_Source data_
◆ ◆ ◆

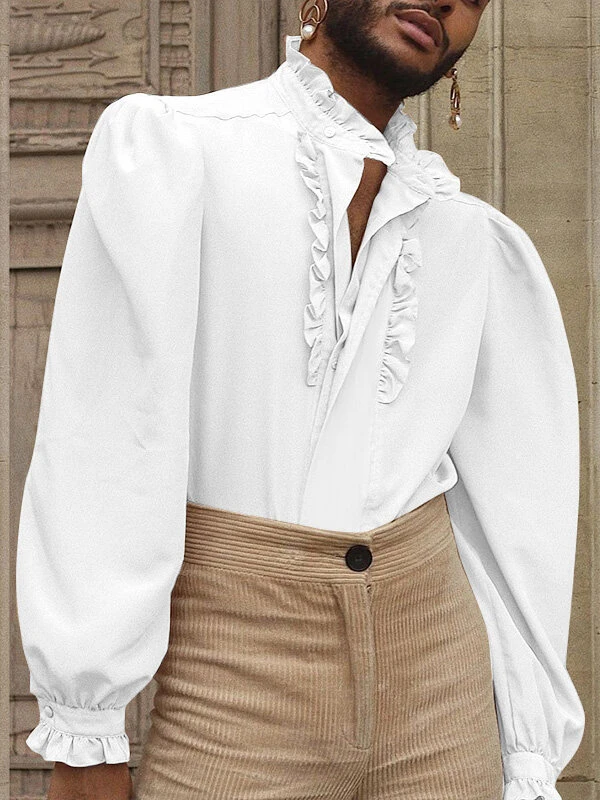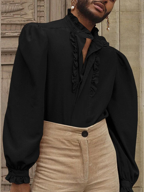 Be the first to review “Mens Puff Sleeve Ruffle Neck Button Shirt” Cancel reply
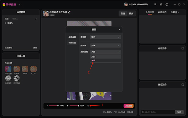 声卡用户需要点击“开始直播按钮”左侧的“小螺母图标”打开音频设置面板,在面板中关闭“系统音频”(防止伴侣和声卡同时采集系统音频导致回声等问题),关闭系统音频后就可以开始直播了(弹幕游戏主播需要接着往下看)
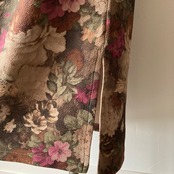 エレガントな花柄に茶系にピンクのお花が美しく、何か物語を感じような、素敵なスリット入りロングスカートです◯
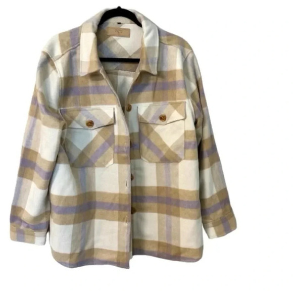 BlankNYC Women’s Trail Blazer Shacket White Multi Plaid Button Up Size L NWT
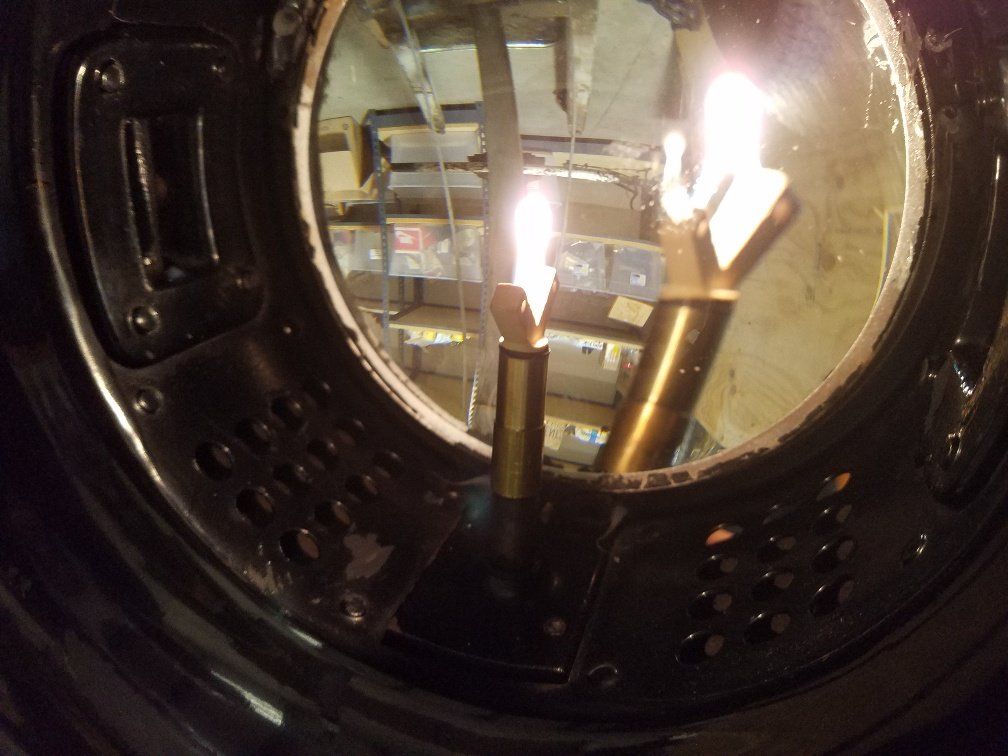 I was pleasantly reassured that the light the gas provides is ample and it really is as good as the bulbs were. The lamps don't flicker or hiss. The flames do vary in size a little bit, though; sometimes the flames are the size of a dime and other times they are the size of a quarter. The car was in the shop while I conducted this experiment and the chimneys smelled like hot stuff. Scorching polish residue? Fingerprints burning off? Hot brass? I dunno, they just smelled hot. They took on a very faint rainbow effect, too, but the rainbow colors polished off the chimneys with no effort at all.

◆ ◆ ◆

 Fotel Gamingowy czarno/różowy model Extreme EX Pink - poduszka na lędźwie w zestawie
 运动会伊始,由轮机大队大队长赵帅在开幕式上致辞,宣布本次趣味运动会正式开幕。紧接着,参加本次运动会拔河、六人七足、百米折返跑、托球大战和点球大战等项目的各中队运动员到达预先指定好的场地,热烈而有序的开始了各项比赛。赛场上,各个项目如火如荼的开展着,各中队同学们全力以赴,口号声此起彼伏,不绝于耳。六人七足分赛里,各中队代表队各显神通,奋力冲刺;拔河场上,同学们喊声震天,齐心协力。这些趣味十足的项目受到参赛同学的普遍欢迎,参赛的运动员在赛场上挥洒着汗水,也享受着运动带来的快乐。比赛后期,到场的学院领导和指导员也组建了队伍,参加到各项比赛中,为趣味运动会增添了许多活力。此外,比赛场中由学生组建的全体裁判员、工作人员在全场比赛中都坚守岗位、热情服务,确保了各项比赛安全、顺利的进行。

◆ ◆ ◆

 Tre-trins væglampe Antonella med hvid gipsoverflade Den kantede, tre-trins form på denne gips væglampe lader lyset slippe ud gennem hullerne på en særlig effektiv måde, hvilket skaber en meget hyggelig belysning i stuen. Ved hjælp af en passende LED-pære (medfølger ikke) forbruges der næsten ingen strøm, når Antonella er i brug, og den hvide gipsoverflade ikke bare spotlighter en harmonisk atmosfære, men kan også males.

◆ ◆ ◆

_Assignment_
Restate word for word the lines of the data above that begin at the line with "エレガントな花柄に茶系にピン" and end at the line with "BlankNYC Women’s Trail", keeping both ends and dropping every picture.

_Solution to the exercise_
 エレガントな花柄に茶系にピンクのお花が美しく、何か物語を感じような、素敵なスリット入りロングスカートです◯
 BlankNYC Women’s Trail Blazer Shacket White Multi Plaid Button Up Size L NWT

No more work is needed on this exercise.